On April 27, 2026, senior U.S. law enforcement officials held an official press conference at the Department of Justice in Washington D.C. to update the public on a high-stakes security incident that unfolded the previous weekend at the annual White House Correspondents’ Association Dinner. At the briefing, officials displayed images of the arsenal recovered from 31-year-old suspect Cole Tomas Allen, who is now facing federal charges for orchestrating an assassination plot targeting former president and current officeholder Donald Trump.

Following the Saturday night shooting incident, Allen appeared for his first federal court hearing at the U.S. District Court for the District of Columbia on Monday, where prosecutors formally levied three criminal counts against him: attempted assassination of the sitting U.S. president, illegal interstate transportation of firearms, and unlawful discharge of a weapon during the commission of a violent felony.

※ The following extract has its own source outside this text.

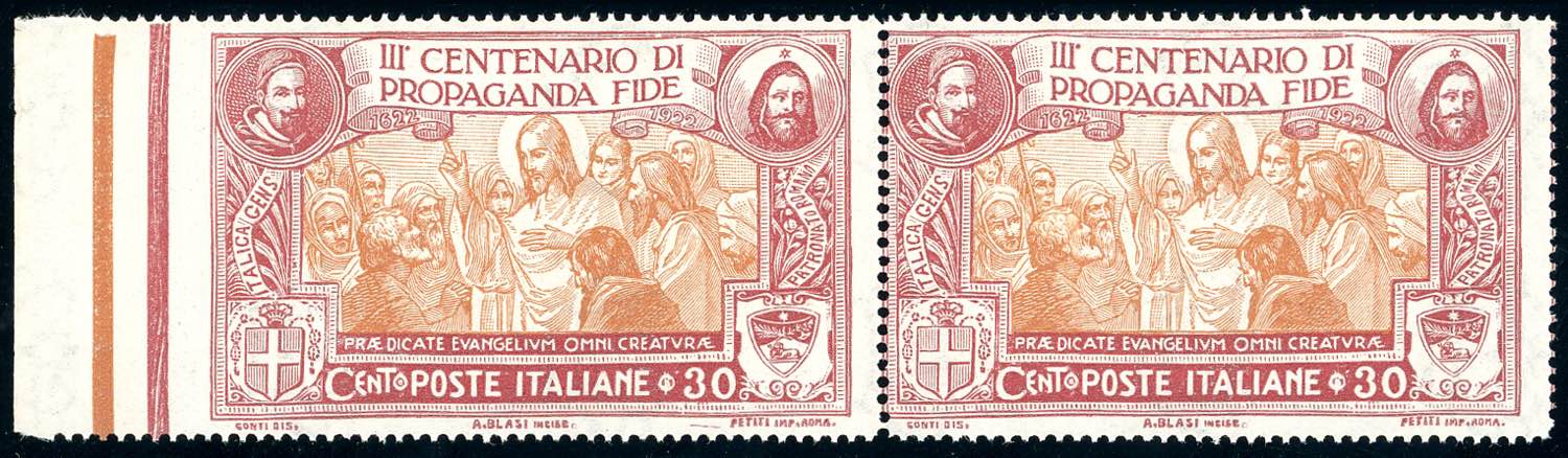 1923 - 30 cent. Propaganda Fide, coppia orizzontale, il primo esemplare non dentellato a sinistra (132e), bordo di foglio, gomma originale ... Leggi tutto

Per CNBC reporting citing prosecution filings, when law enforcement officers took Allen into custody, he was found in possession of a 12-gauge pump-action shotgun, a .38 caliber handgun, three bladed weapons, and a cache of additional dangerous equipment. Law enforcement investigators have since reconstructed the suspect’s pre-attack movements, confirming that Allen traveled cross-country from his home state of California to Washington D.C. via passenger train, and smuggled his full arsenal into the Washington Hilton — the venue hosting the high-profile dinner — before launching his attack.

Shortly before he attempted to breach security, Allen sent an email to family members that laid out his premeditated plan in explicit terms. In the message, he identified senior Trump administration officials as his intended targets, ranked in order of priority from highest to lowest. He also wrote, “I walk in with multiple weapons and not a single person there considers the possibility that I could be a threat.”

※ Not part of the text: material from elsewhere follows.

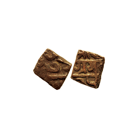 Yadavas of Tribhuvangiri, Kumarpal (11th Cent. AD), Base Gold Dinar, 4.15gm, Obv: Seated goddess Lakshmi, Rev: Nagari legend in three lines 'Sriman Kumarpaladeva'.

Live event footage captured the chaotic moments of the attack: Allen attempted to rush past a magnetometer security checkpoint, triggering an immediate exchange of gunfire between the suspect and responding Secret Service agents. One Secret Service officer was wounded in the shootout before Allen was apprehended.

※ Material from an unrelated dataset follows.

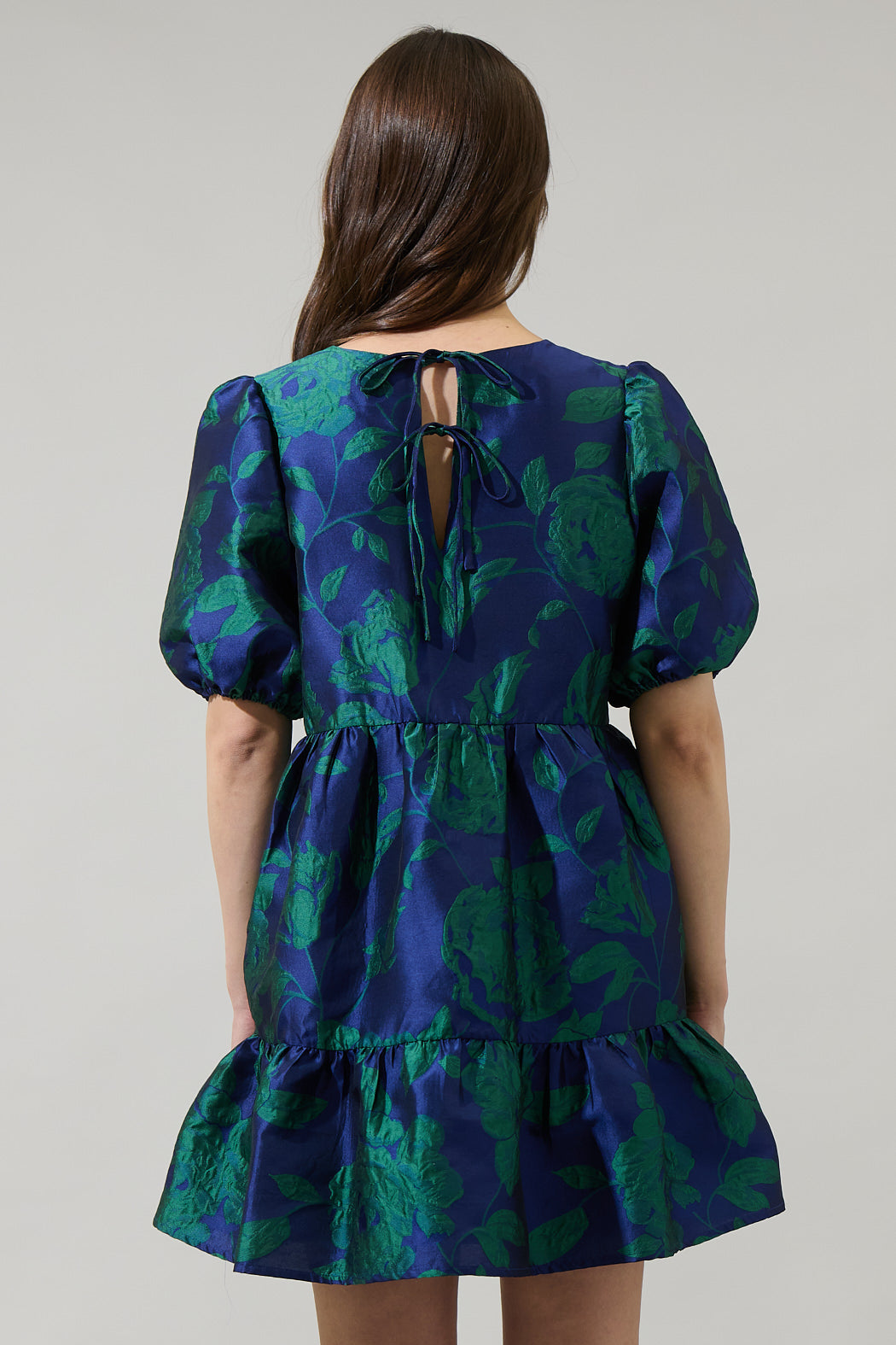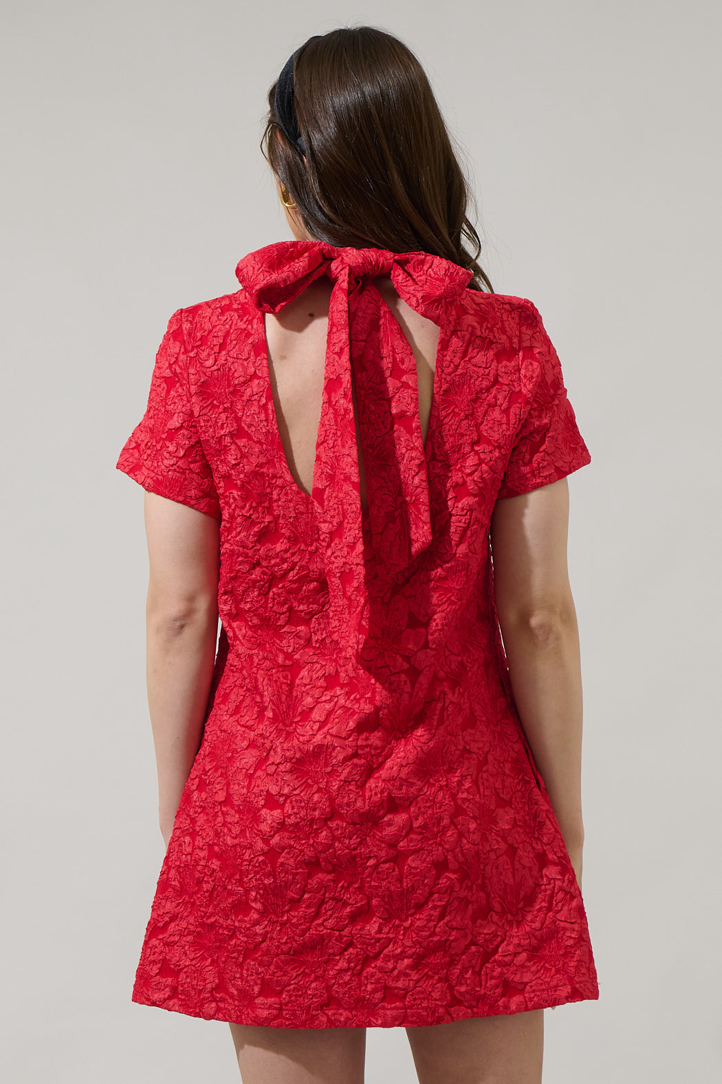 Bethan Jacquard Floral Nova Back Bow Tie Mini Dress

Immediately following the incident, Trump, First Lady Melania Trump, Vice President JD Vance, and all sitting Cabinet members were rapidly evacuated from the event venue to secure locations. Live broadcasts from the scene showed hundreds of attendees scrambling for cover, crouching behind dinner tables to avoid stray gunfire.

U.S. Secret Service spokesperson Anthony Guglielmi confirmed the incident in an early post on X, noting that the agency launched a full investigation into the shooting near the dinner’s main security screening area in close coordination with the Metropolitan Police Department of D.C.

The incident marks the latest in a growing wave of political violence that has rocked the United States in recent years. Trump has been the target of multiple assassination attempts and repeated death threats both during his 2024 presidential campaign and his current second term in office. The most high-profile prior attack came in July 2024, when a shooter opened fire on Trump at a campaign rally in Butler, Pennsylvania, leaving the then-candidate with minor injuries after he narrowly escaped the assault.